Именно при Игнатове начали раскручиваться два крупных политических дела: «Дело врачей» (преимущественно евреев по национальности), а также «Мингрельское дело» (народность, жившая на территории Грузии). В обоих процессах была своя логика. После войны стали нарастать противоречия с США. В этих условиях евреи воспринимались как пятая колонна в грядущем противостоянии. А вот второе дело было напрямую направлено против могущественного Лаврентия Берии, одного из соратников вождя, в прошлом — руководителя спецслужб.
«Берия по национальности мегрел. За расследованием Сталин следил лично. Когда ему докладывали о ходе дела, он не раз недвусмысленно „советовал“ следователям: „Ищите Большого мегрела“», — писал Сергей Хрущев, сын руководителя СССР.
В те годы Берия так опасался ареста, что старался отвечать по телефону односложно, «да» или «нет», зная, что его прослушивают. Он был не единственной потенциальной жертвой будущей чистки. В 1952-м Сталин публично раскритиковал своих давних соратников Анастаса Микояна и Вячеслава Молотова — последний считался его правой рукой, подписывал знаменитый пакт с нацистским министром иностранных дел Риббентропом и был едва ли не преемником советского вождя. За три года до этого спецслужбы посадили жену Молотова, он впал в немилость. Теперь же этот статус был озвучен публично. Таким образом Сталин избавлялся от старой гвардии и делал ставку на новое поколение партийных чиновников.
Новый виток репрессий готовился неслучайно. В январе 1951 года в Москве прошло совещание генеральных секретарей компартий и военного руководства государств восточного блока. Советские документы о нем до сих пор засекречены, но свои записи оставили некоторые зарубежные участники встречи. Согласно им, Сталин сообщил тогда, что собирается захватить Западную Европу и сделать это примерно через три года. На страны советского лагеря ложились дополнительные расходы. Например, Венгрия к концу 1953 года должна была иметь армию в 150 тысяч человек. С учетом будущей мобилизации эта страна должна была выставить 400 тысяч бойцов. Всего вооруженные силы Польши, Венгрии, Чехословакии, Румынии и Болгарии в мирное время следовало довести до 1,4 млн, с резервом — до 3 млн.

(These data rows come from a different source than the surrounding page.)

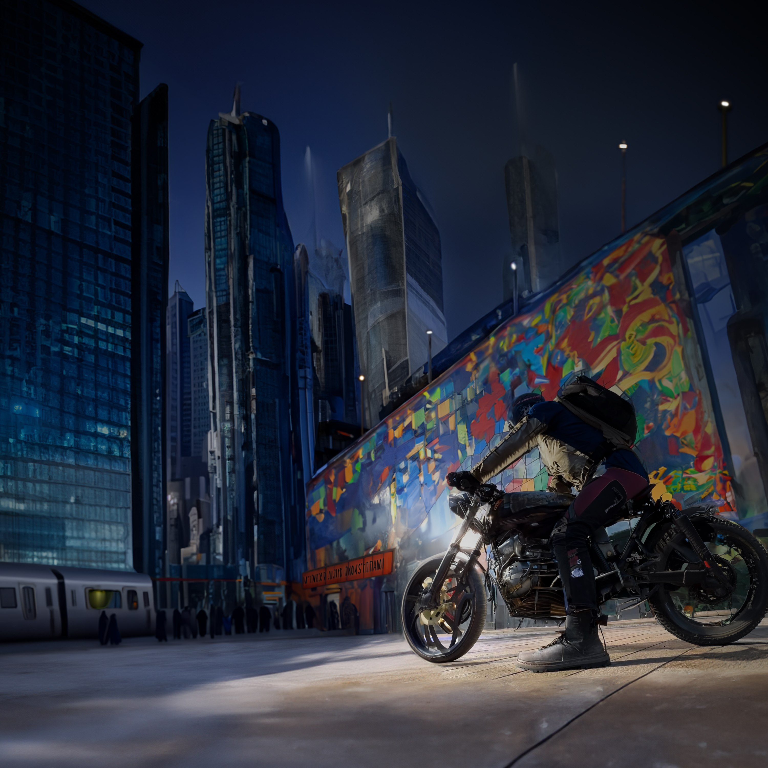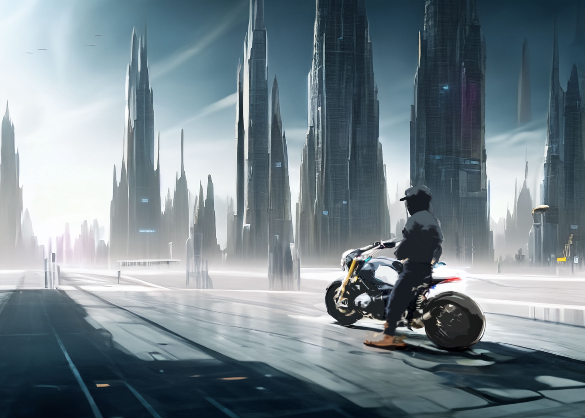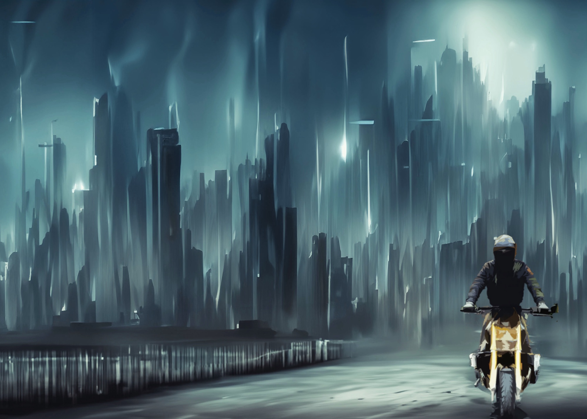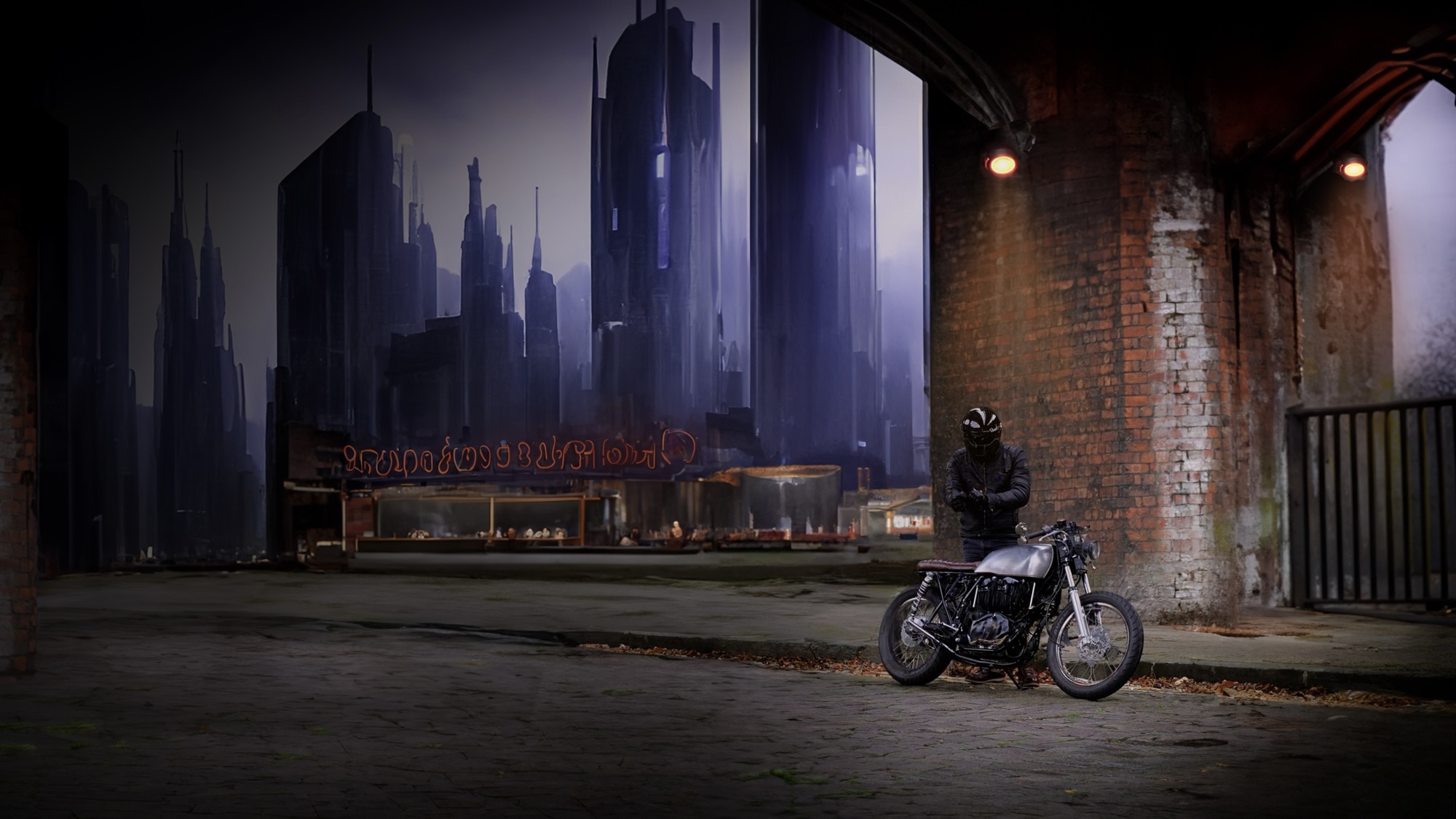 Welcome to a small collection of my motorcycle digital art, where reality merges with visions of a dystopian future filled with sleek machines and stark cityscapes. Many of these pieces are inspired by photos of my own bikes, including my CB750 café racer and my old BMW R9T.
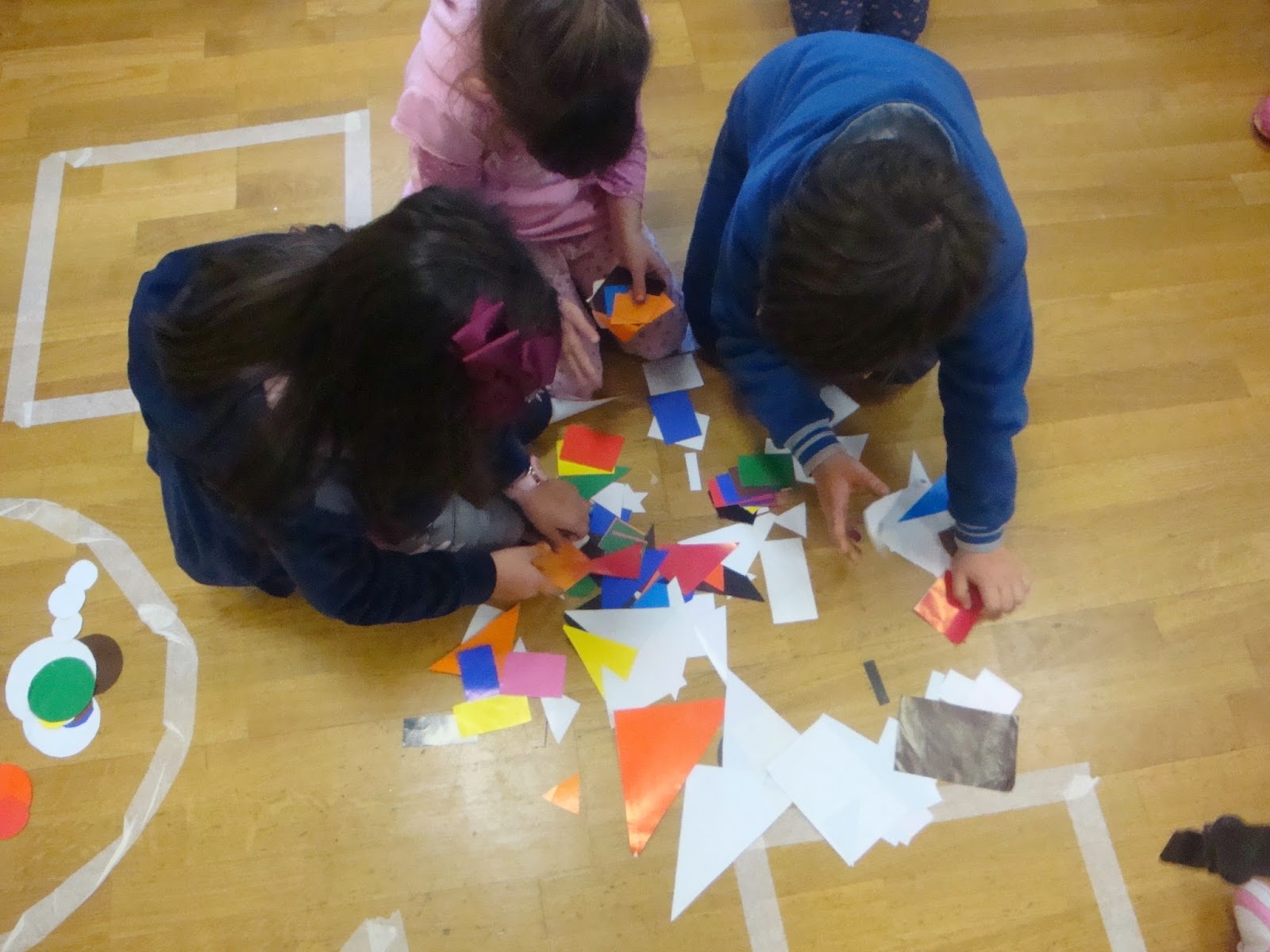 Έπειτα χωριστήκαμε σε 4 ομάδες, ανάλογα με το σχήμα που σχεδιάσαμε στο χεράκι κάθε παιδιού. Η κάθε ομάδα εντόπισε στο χώρο αντικείμενα που έχουν το αντίστοιχο σχήμα και τα ανακοίνωσε στις υπόλοιπες ομάδες. Σκορπίσαμε πολλά γεωμετρικά σχήματα στο πάτωμα και κάθε ομάδα μάζεψε τα δικά της…
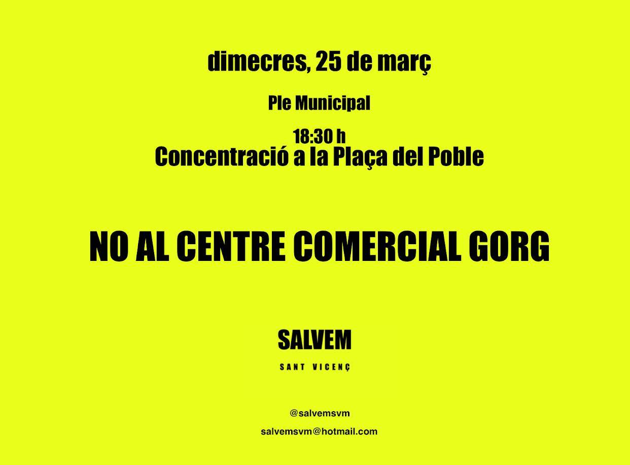 La plataforma Salvem Sant Vicenç ha convocat una concentració aquest dimecres, 25 de març, a les 18.30 h a la plaça del poble, coincidint amb la celebració del ple municipal, per mostrar el seu rebuig al projecte del centre comercial del Gorg.
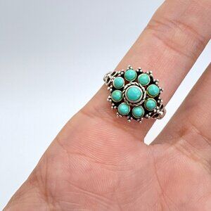 VTG Sterling Silver 925 Cabochon Turquoise Bezel Set Statement RIng
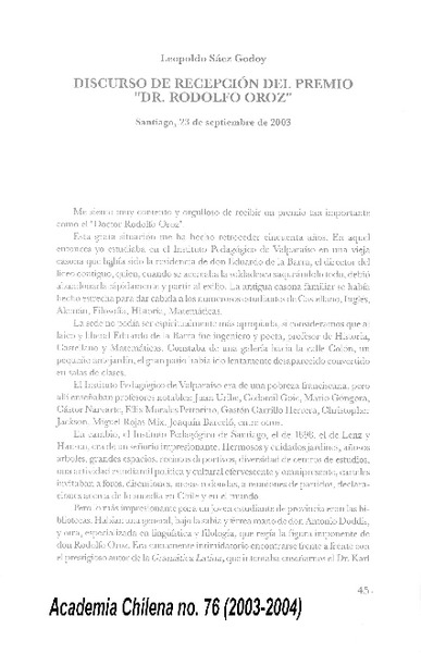Discurso de recepción del Premio "Dr. Rodolfo Oroz" [artículo] Leopoldo Sáez Godoy.
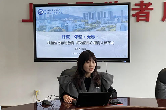 在2號(hào)會(huì)議室,陸婷為來賓們作了一場(chǎng)題為“根植生態(tài)勞動(dòng)教育打造園藝心理育人新范式”的專題匯報(bào)。她詳細(xì)介紹了學(xué)校如何通過生態(tài)勞動(dòng)教育與園藝心理育人相結(jié)合的方式,為學(xué)生提供一個(gè)更加健康、和諧的學(xué)習(xí)環(huán)境。
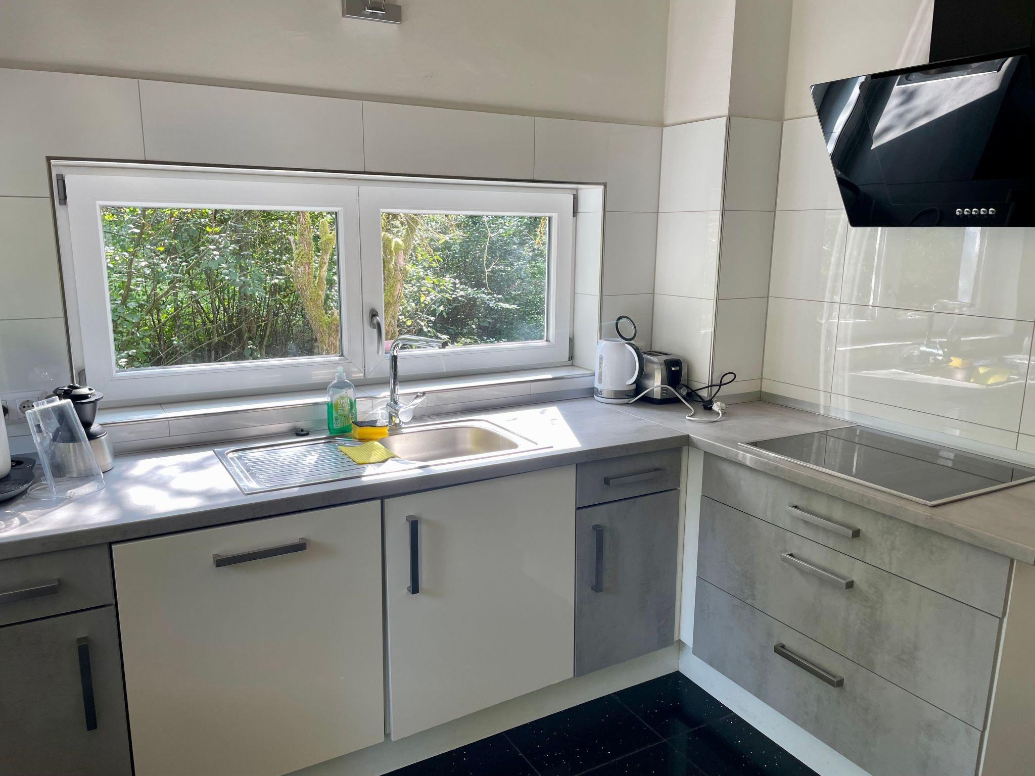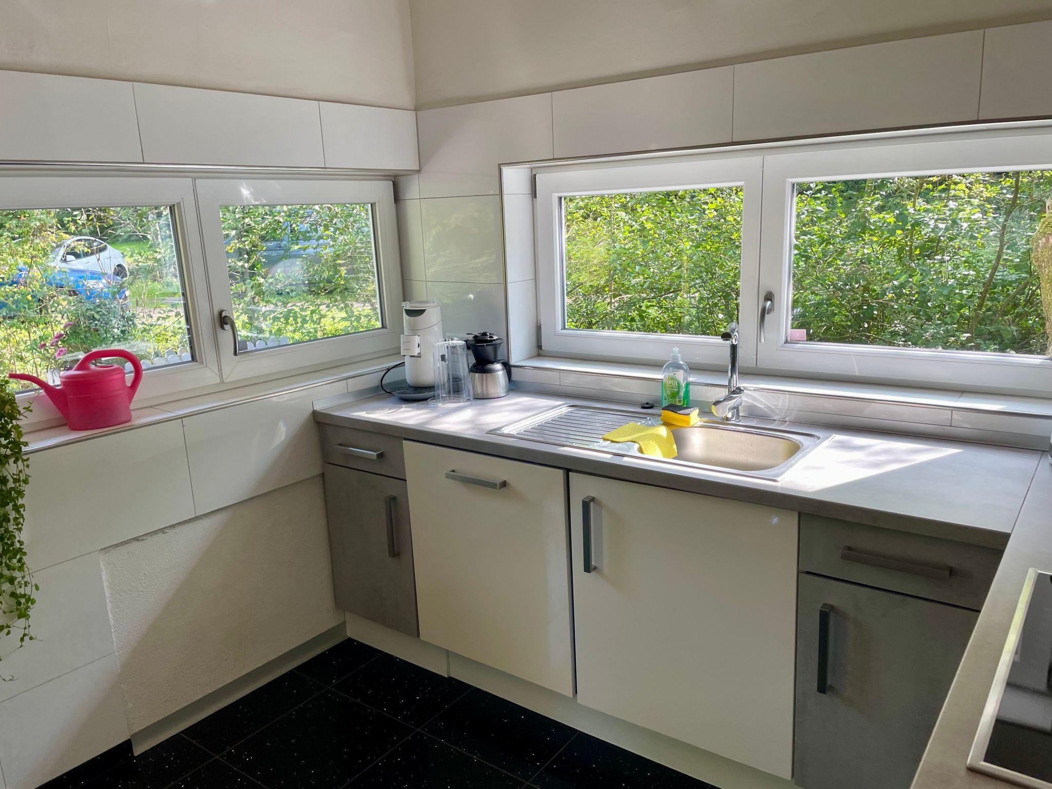 Outside, a spacious, idyllic outdoor area awaits you. The picturesque stream flowing past the house, the natural meadow and the sunny terrace invite you to relax and enjoy. The garden, surrounded by hedges and a fence for your privacy, as well as free parking and thanks to the free WLAN, nothing is left to be desired.

Но в разгар приготовлений Сталин скончался. Репрессии отменили, войны не случилось. Чем не повод заподозрить заговор соратников, желавших себе чуть более спокойной жизни?
«Завтракал часа в два дня, обедал часов в восемь вечера»
В 1953-м Сталину было 73 (или же 74) года. Возраст уважаемый, но не критический при возможностях кремлевской медицины. Достаточно сказать, что соратник вождя Лазарь Каганович прожил 97 лет, упомянутый Вячеслав Молотов — 96. Умершие перед развалом Союза, они оставались верными сталинистами, не испытывавшими никаких сомнений в необходимости репрессий.
Но они провели последние десятилетия жизни на пенсии, соблюдая режим. Сталин же относился к последнему откровенно наплевательски. «Почти каждый вечер раздавался мне звонок: „Приезжайте, пообедаем“. То были страшные обеды, — писал в мемуарах „Воспоминания. Время. Люди. Власть“ Никита Хрущев. — Возвращались мы домой к утру, а мне ведь нужно на работу выходить. Я старался поспевать к 10 часам, а в обеденный перерыв пытался поспать, потому что всегда висела угроза: не поспишь, а он вызовет, и будешь потом у него дремать. Для того, кто дремал у Сталина за столом, это кончалось плохо. <…> Последние годы не обходилось без того, чтобы пить, пить, пить».
Кстати, по такому же расписанию — бодрствование всю ночь — работали начальники по всему Союзу, ведь вождю в любой момент могла понадобиться справка или ответ на уточняющий вопрос. Сам Сталин при этом мог спать до 10−11 утра. Таким образом он заменял день ночью. «Приноровиться к его быту было невозможно: он завтракал часа в два дня, обедал часов в восемь вечера и поздно засиживался за столом ночью — это было для меня непосильно, непривычно», — писала в мемуарах «Двадцать писем к другу» его дочь Светлана Аллилуева, которая после войны отдыхала с ним на юге.
К нормальному регламентированному восьмичасовому рабочему дню с перерывом на обед вернулись лишь после смерти диктатора.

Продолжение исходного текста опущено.